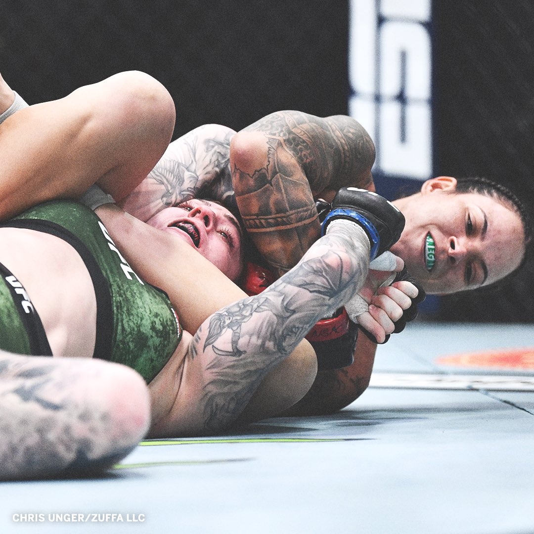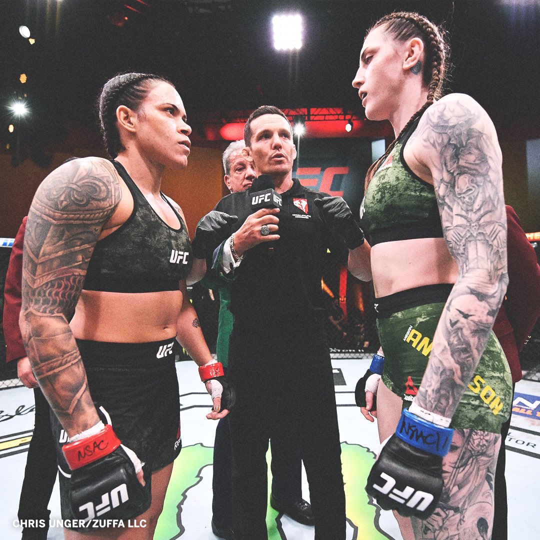 It took just 2:03 of the first round for her to connect on a flurry of heavy right hands and then submit six-foot tall, athletic Megan Anderson, who never posed any threat whatsoever in the fight.
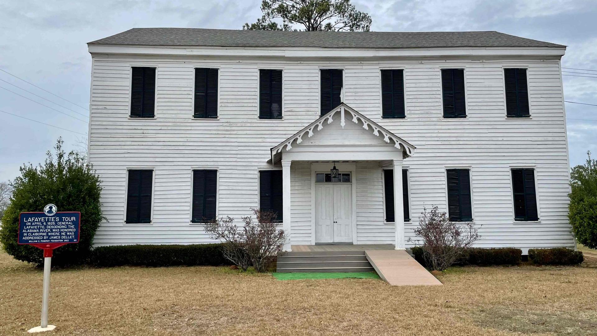 Lafayette arrived in Claiborne, near Perdue Hill, on April 6, 1825. He was received at the Masonic Lodge in Perdue Hill, a significant local landmark that still stands today. The reception committee was chaired by James Dellett, the first speaker of the Alabama House of Representatives, who delivered an eloquent welcome speech. Lafayette was so moved by the warmth of the Claiborne residents that he extended his stay for several hours, enjoying heartfelt demonstrations of friendship and admiration. Lafayette also reportedly dedicated the Perdue Hill Masonic Lodge, which was built in 1823 and is considered to be one of the state’s oldest standing buildings.
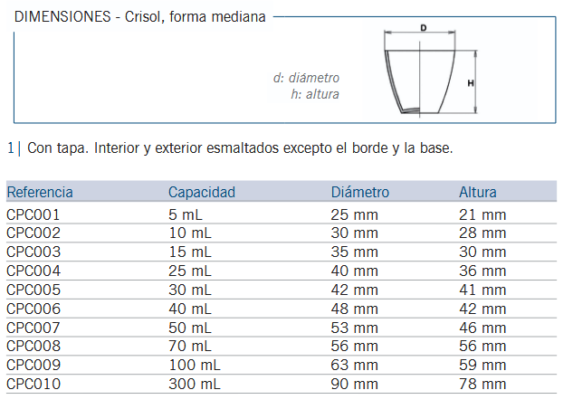 3| Cada cadinho é fornecido completo com uma tampa esmaltada que possui uma pega para facilitar o manuseamento e permite a saída de gases e vapores gerados durante a reação de calcinação.
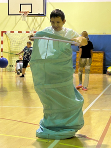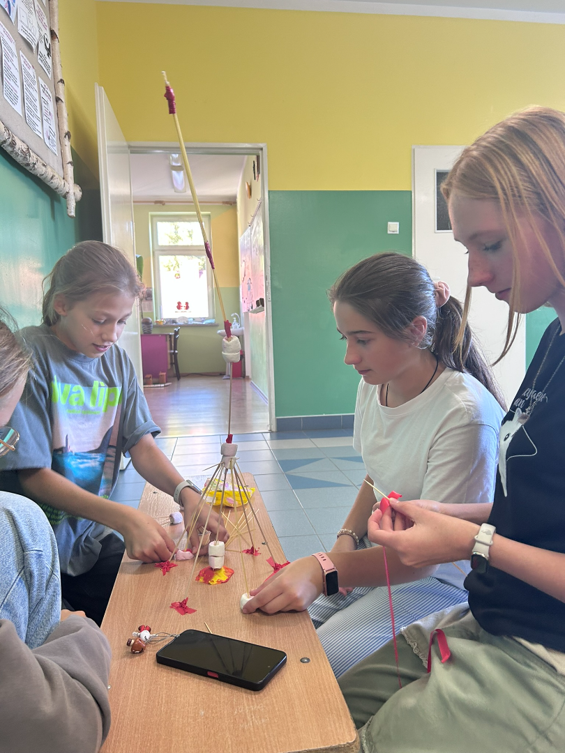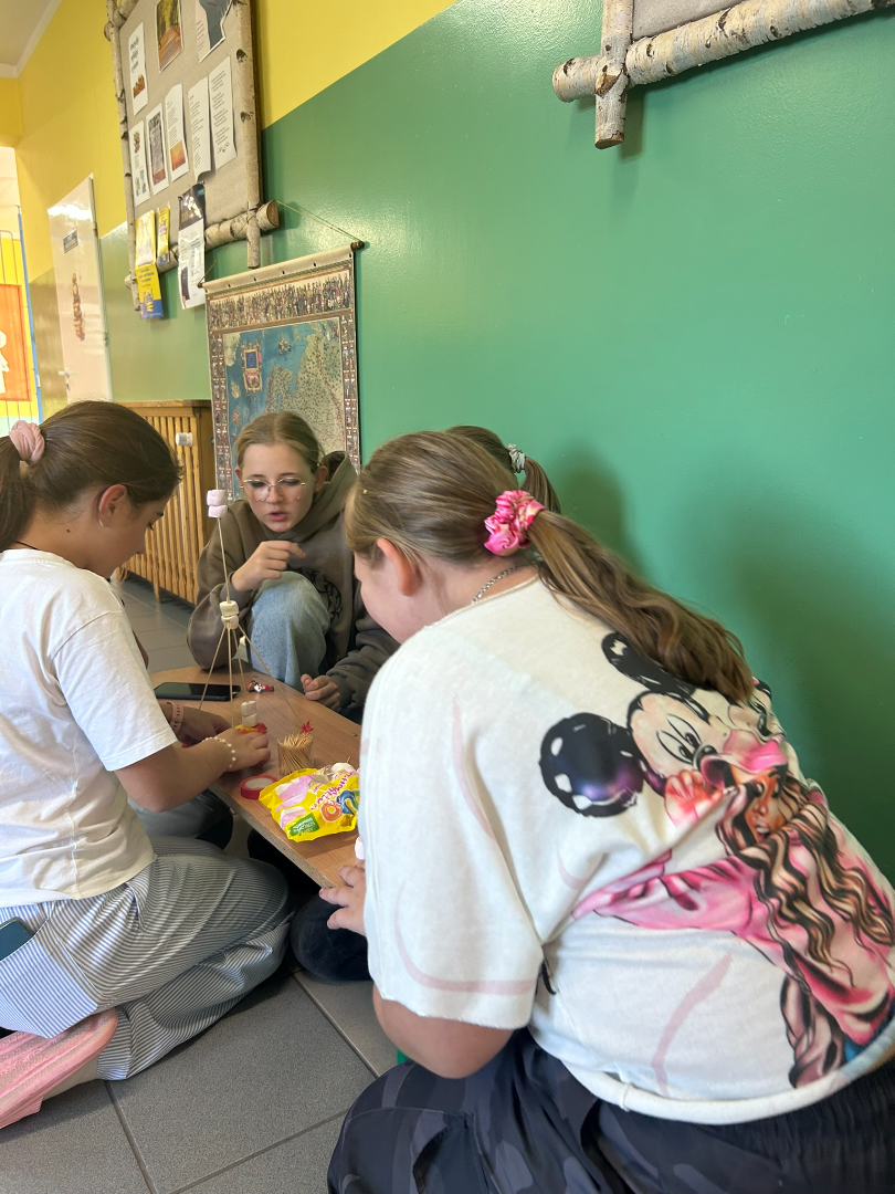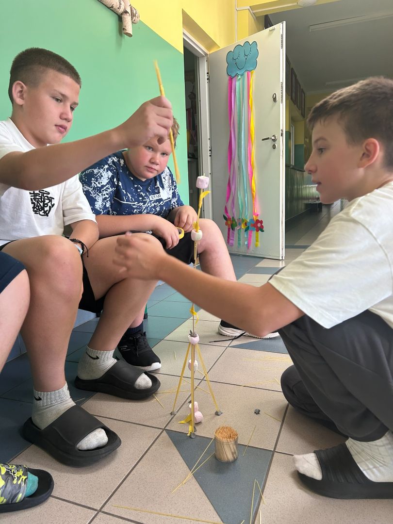 Na sali gimnastycznej rozegraliśmy mecze, które śmiało mogłyby trafić do kronik sportowych – emocje jak na mundialu! 🏆💪 A kiedy kurz opadł, przyszła pora na inżynierskie wyzwania – budowanie wież z makaronu i pianek. Konstrukcje były tak imponujące, że spokojnie można by zgłosić je do programu „Budowle świata”. 🍝🏗️

----

- EXERCISE PROMPT
Pictures excluded, output exactly the line that contains "Lafayette arrived in" and every line after it to the end of the data above.

- EXERCISE OUTPUT
 Lafayette arrived in Claiborne, near Perdue Hill, on April 6, 1825. He was received at the Masonic Lodge in Perdue Hill, a significant local landmark that still stands today. The reception committee was chaired by James Dellett, the first speaker of the Alabama House of Representatives, who delivered an eloquent welcome speech. Lafayette was so moved by the warmth of the Claiborne residents that he extended his stay for several hours, enjoying heartfelt demonstrations of friendship and admiration. Lafayette also reportedly dedicated the Perdue Hill Masonic Lodge, which was built in 1823 and is considered to be one of the state’s oldest standing buildings.
 3| Cada cadinho é fornecido completo com uma tampa esmaltada que possui uma pega para facilitar o manuseamento e permite a saída de gases e vapores gerados durante a reação de calcinação.
 Na sali gimnastycznej rozegraliśmy mecze, które śmiało mogłyby trafić do kronik sportowych – emocje jak na mundialu! 🏆💪 A kiedy kurz opadł, przyszła pora na inżynierskie wyzwania – budowanie wież z makaronu i pianek. Konstrukcje były tak imponujące, że spokojnie można by zgłosić je do programu „Budowle świata”. 🍝🏗️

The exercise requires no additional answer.